## Programming Praxis – Modern Elliptic Curve Factorization, Part 1

Today marks the 1-year anniversary of this blog. What better way to celebrate than to do another programming exercise?

In today’s Programming Praxis exercise we have to implement an algorithm for curve factorization. The Scheme solution is 30 lines. Let’s see if we can do any better.

Since the formulas for calculating the x and z coordinates of the addition result are nearly identical, we can factor it out into a function.

```add :: Integral a => (a, a) -> (a, a) -> (a, a) -> a -> (a, a)
add (x1, z1) (x2, z2) (x0, z0) n = (f (+) z0, f (-) x0) where
f g m = (g ((x1-z1)*(x2+z2)) ((x1+z1)*(x2-z2)))^2 * m `mod` n
```

For doubling, we could factor out the first three terms of the two multiplications, but it would barely save any space.

```double :: Integral a => (a, a) -> a -> a -> a -> (a, a)
double (x,z) an ad n = (mod x' n, mod z' n) where
x' = 4 * ad * (x-z)^2 * (x+z)^2
z' = (4 * ad * (x-z)^2 + t * an) * t
t = (x+z)^2 - (x-z)^2
```

Multiplication can be done through some simple recursion.

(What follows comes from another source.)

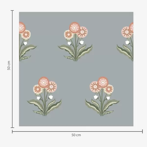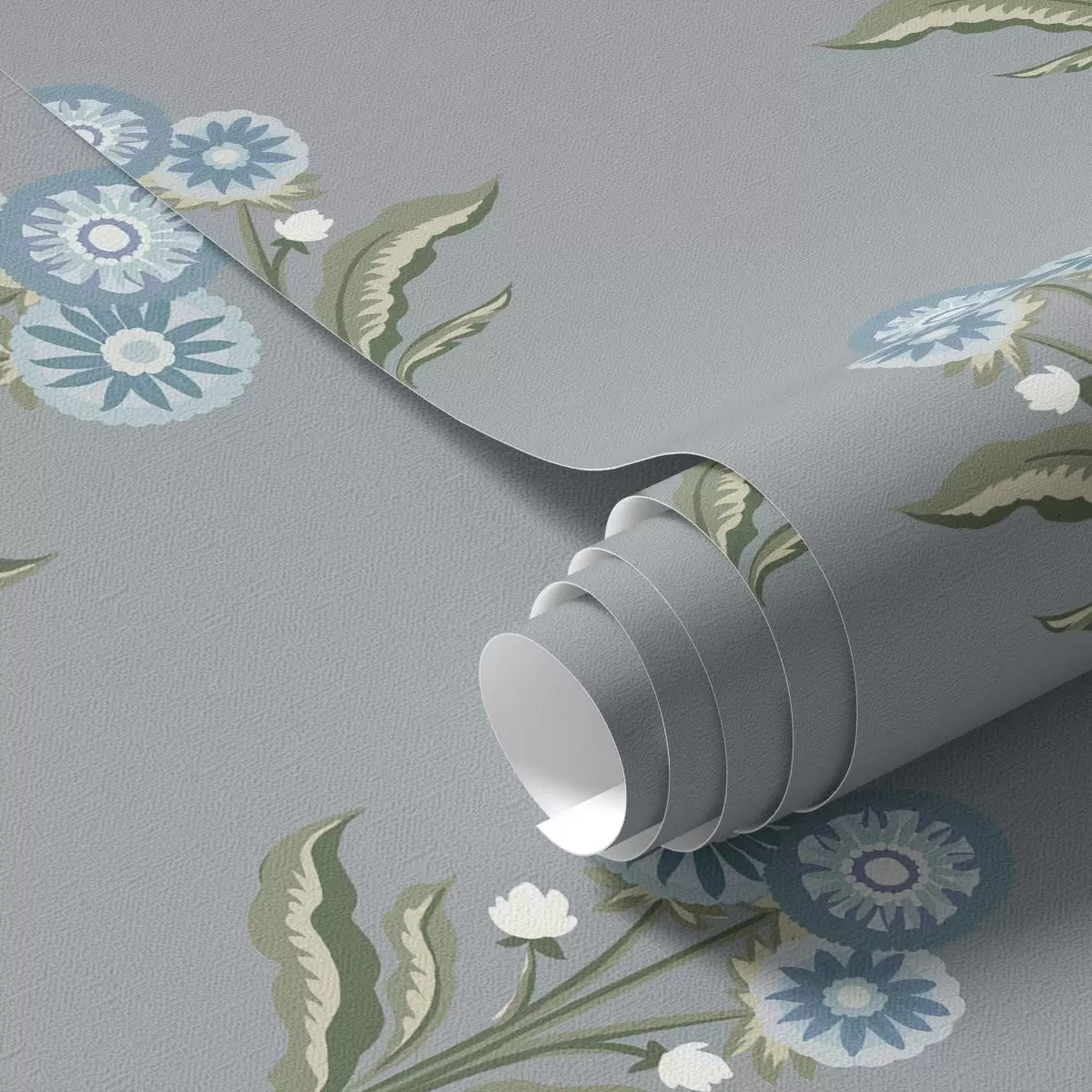 Papel de parede Flores estilizadas sobre fundo cinza-azulado, paleta de cores frias Nr. a00494v1

```multiply :: Integral a => Int -> (a, a) -> a -> a -> a -> (a, a)
multiply 0 _ _  _  _ = (0,0)
multiply 1 p _  _  _ = p
multiply k p an ad n = let half = multiply (div k 2) p an ad n in
if odd k then add half (multiply (div k 2 + 1) p an ad n) p n
else double half an ad n
```

Calculating the curve is just executable math.

```curve12 :: Integral a => a -> a -> (a, a, (a, a))
curve12 n s = ((v-u)^3 * (3 * u + v) `mod` n,
4 * u^3 * v `mod` n,
(u^3 `mod` n, v^3 `mod` n)) where
u = s * s - 5 `mod` n
v = 4 * s `mod` n
```

And, as usual, a test to see if everything is working correctly.

```main :: IO ()
main = do let (n, s) = (5569379, 4921134)
let (an, ad, p) = curve12 n s
let p2 = double p an ad n
let p3 = add p2 p p n
let p4 = double p2 an ad n
let p6 = double p3 an ad n
let p7 = add p4 p3 p n
let p13 = add p7 p6 p n
print \$ p2 == (3539269, 4477480)
print \$ p3 == (2517168, 4993956)
print \$ p4 == (4683984, 2280932)
print \$ p6 == (3440206, 1480034)
print \$ p7 == (2544042, 2445346)
print \$ p13 == (577485, 4434222)
print \$ multiply 13 p an ad n == p13
```

That leaves us with 16 lines, just over half the size of the Scheme solution, which is better than I anticipated since math problems tend to be hard to achieve major savings on.